# What you will do:
Taking the line with "LED 驅動器本身也在不斷演進, 著重於進一步提高能效、" as the first and the line with "之前CDPR宣布《赛博朋克2" as the last, set down the lines below exactly, pictures excluded.

# Exercise data:
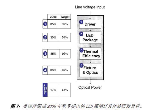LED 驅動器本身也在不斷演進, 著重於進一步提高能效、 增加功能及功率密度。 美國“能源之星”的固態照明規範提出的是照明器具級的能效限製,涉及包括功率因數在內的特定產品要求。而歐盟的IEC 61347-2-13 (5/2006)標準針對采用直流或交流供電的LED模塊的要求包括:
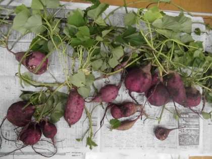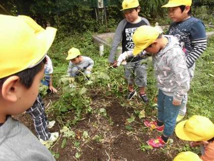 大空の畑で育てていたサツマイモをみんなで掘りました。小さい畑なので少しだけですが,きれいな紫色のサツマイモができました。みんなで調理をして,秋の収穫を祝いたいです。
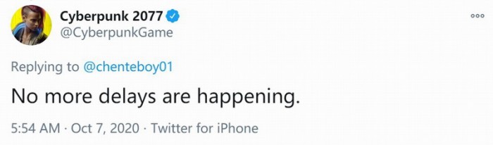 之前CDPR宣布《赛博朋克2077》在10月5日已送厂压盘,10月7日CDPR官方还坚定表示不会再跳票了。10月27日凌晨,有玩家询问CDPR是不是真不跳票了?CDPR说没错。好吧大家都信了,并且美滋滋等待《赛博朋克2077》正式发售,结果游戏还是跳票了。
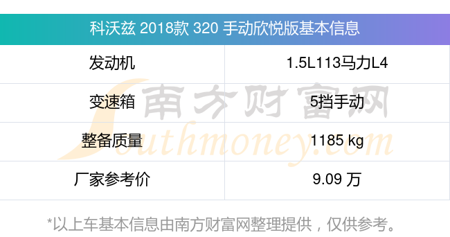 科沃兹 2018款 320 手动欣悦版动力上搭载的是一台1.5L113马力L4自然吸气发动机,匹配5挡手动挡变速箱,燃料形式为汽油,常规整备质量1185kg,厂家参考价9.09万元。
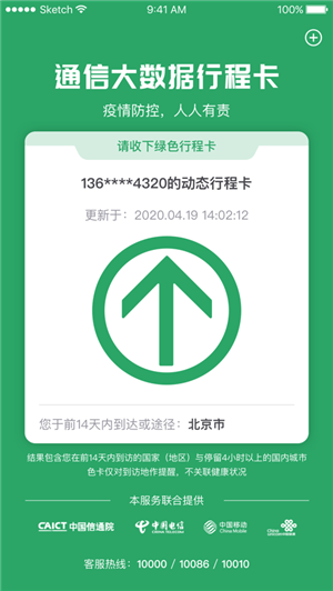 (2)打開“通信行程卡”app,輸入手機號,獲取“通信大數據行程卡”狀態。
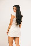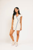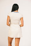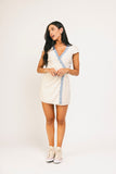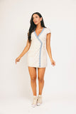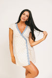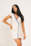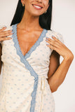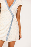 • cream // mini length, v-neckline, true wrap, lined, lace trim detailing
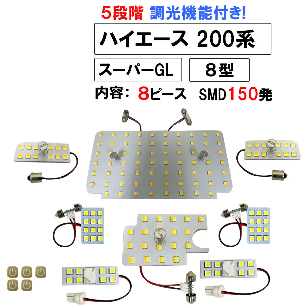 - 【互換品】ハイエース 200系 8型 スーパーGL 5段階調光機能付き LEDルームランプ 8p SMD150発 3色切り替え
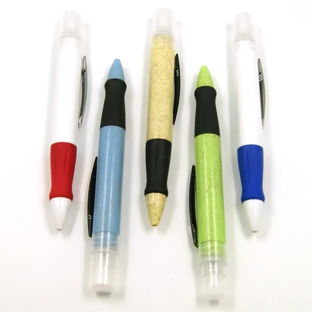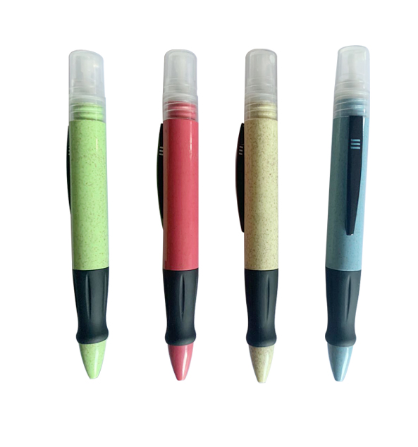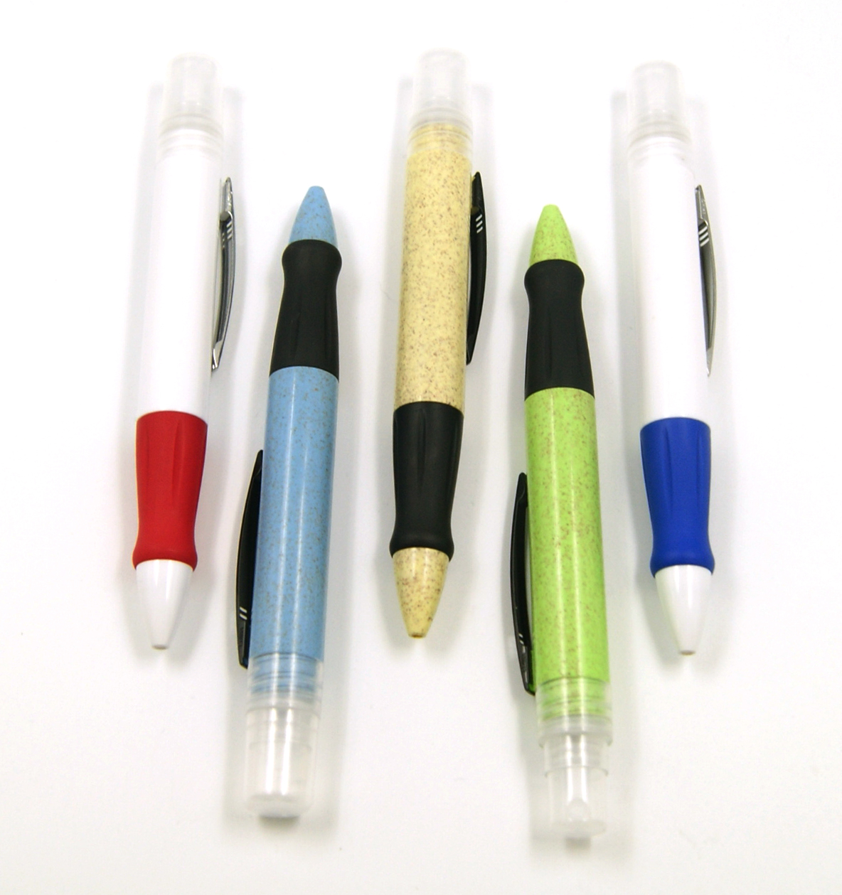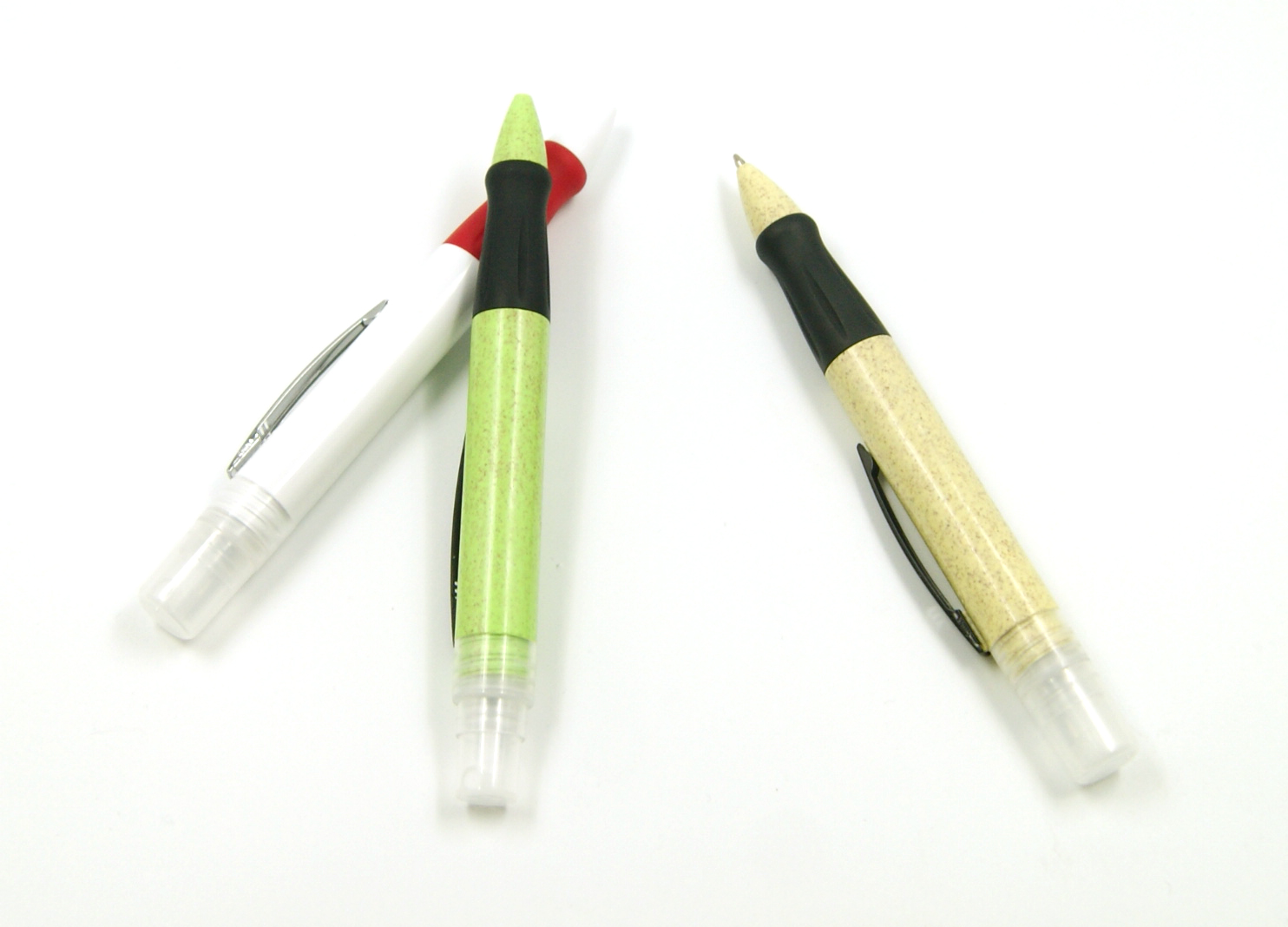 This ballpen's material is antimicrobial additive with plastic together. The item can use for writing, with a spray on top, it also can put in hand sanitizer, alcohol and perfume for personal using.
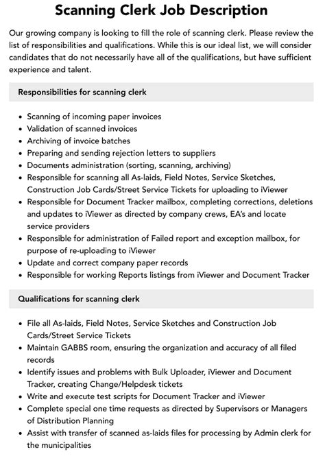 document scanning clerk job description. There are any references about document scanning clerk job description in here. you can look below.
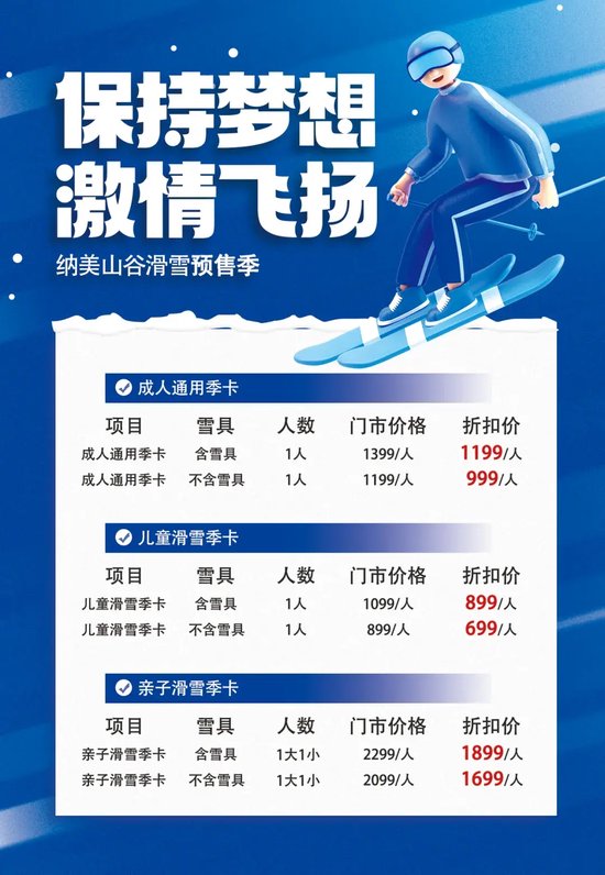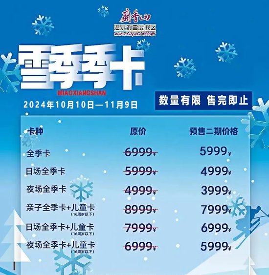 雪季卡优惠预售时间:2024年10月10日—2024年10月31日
* * *
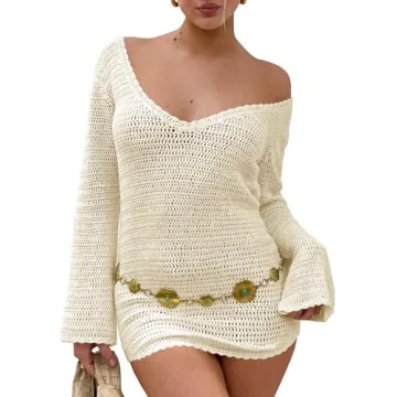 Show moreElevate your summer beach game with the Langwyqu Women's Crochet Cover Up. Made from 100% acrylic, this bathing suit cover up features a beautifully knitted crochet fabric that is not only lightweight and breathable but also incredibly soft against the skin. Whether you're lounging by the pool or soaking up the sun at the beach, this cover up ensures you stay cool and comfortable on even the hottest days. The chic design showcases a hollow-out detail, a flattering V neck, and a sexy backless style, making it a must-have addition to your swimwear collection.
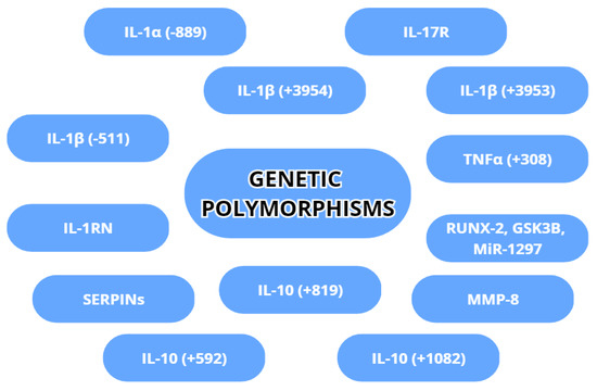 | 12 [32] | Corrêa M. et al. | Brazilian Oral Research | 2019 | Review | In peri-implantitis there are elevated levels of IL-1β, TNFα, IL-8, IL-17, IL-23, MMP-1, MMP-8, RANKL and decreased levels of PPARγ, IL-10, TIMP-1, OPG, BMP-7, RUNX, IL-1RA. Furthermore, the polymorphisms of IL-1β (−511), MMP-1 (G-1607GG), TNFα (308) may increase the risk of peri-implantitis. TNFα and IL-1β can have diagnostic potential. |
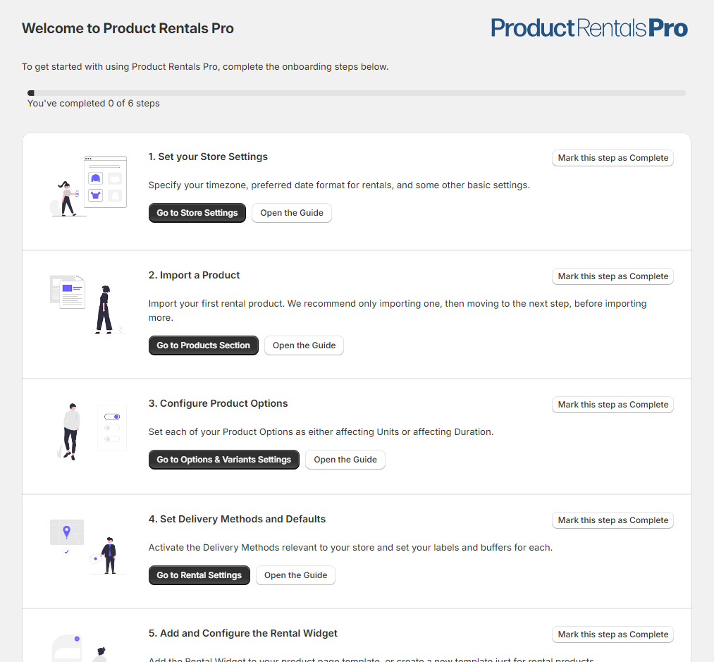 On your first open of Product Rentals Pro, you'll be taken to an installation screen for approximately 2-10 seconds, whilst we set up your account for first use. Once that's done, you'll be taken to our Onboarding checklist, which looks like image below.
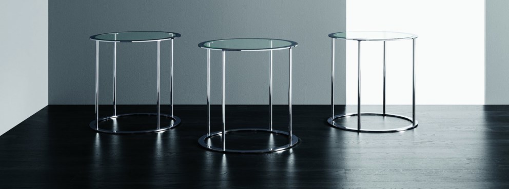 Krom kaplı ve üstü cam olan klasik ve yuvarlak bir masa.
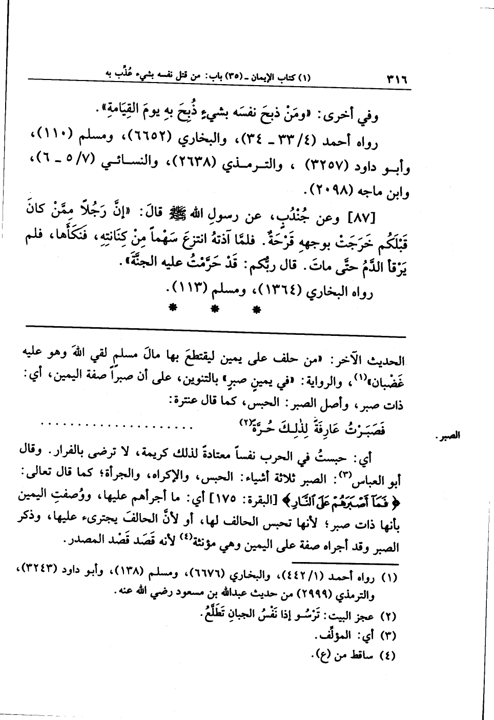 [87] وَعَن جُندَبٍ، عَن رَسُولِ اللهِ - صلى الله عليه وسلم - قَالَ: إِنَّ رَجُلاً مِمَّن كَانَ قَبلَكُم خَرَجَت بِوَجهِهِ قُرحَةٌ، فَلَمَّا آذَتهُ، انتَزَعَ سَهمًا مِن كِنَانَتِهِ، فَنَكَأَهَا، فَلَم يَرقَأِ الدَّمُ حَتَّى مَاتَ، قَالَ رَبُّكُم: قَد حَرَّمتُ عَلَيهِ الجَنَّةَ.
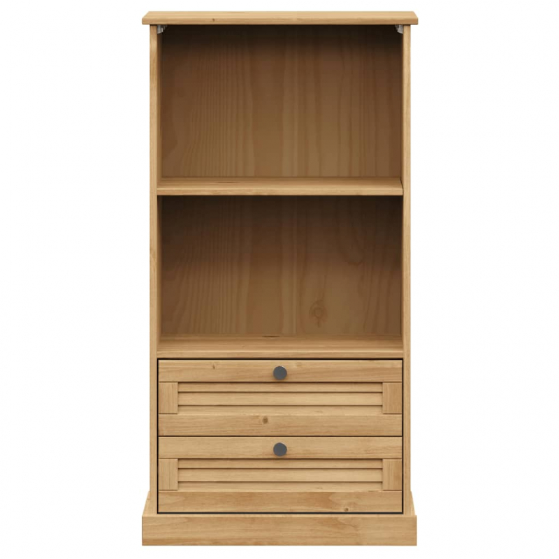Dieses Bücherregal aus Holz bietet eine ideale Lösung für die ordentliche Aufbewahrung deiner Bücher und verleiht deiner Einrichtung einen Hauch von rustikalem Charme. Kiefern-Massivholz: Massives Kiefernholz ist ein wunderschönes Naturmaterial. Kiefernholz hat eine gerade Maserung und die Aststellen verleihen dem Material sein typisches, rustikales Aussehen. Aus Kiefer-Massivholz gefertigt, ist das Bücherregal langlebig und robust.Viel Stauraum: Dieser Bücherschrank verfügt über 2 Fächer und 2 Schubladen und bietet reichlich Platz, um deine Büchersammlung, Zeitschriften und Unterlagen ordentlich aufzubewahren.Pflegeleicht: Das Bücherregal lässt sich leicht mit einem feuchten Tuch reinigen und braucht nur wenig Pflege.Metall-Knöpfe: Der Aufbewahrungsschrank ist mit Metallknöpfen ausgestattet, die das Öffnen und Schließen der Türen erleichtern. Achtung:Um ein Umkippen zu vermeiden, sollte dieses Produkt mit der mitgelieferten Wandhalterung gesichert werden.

# Response area:
LED 驅動器本身也在不斷演進, 著重於進一步提高能效、 增加功能及功率密度。 美國“能源之星”的固態照明規範提出的是照明器具級的能效限製,涉及包括功率因數在內的特定產品要求。而歐盟的IEC 61347-2-13 (5/2006)標準針對采用直流或交流供電的LED模塊的要求包括:
 大空の畑で育てていたサツマイモをみんなで掘りました。小さい畑なので少しだけですが,きれいな紫色のサツマイモができました。みんなで調理をして,秋の収穫を祝いたいです。
 之前CDPR宣布《赛博朋克2077》在10月5日已送厂压盘,10月7日CDPR官方还坚定表示不会再跳票了。10月27日凌晨,有玩家询问CDPR是不是真不跳票了?CDPR说没错。好吧大家都信了,并且美滋滋等待《赛博朋克2077》正式发售,结果游戏还是跳票了。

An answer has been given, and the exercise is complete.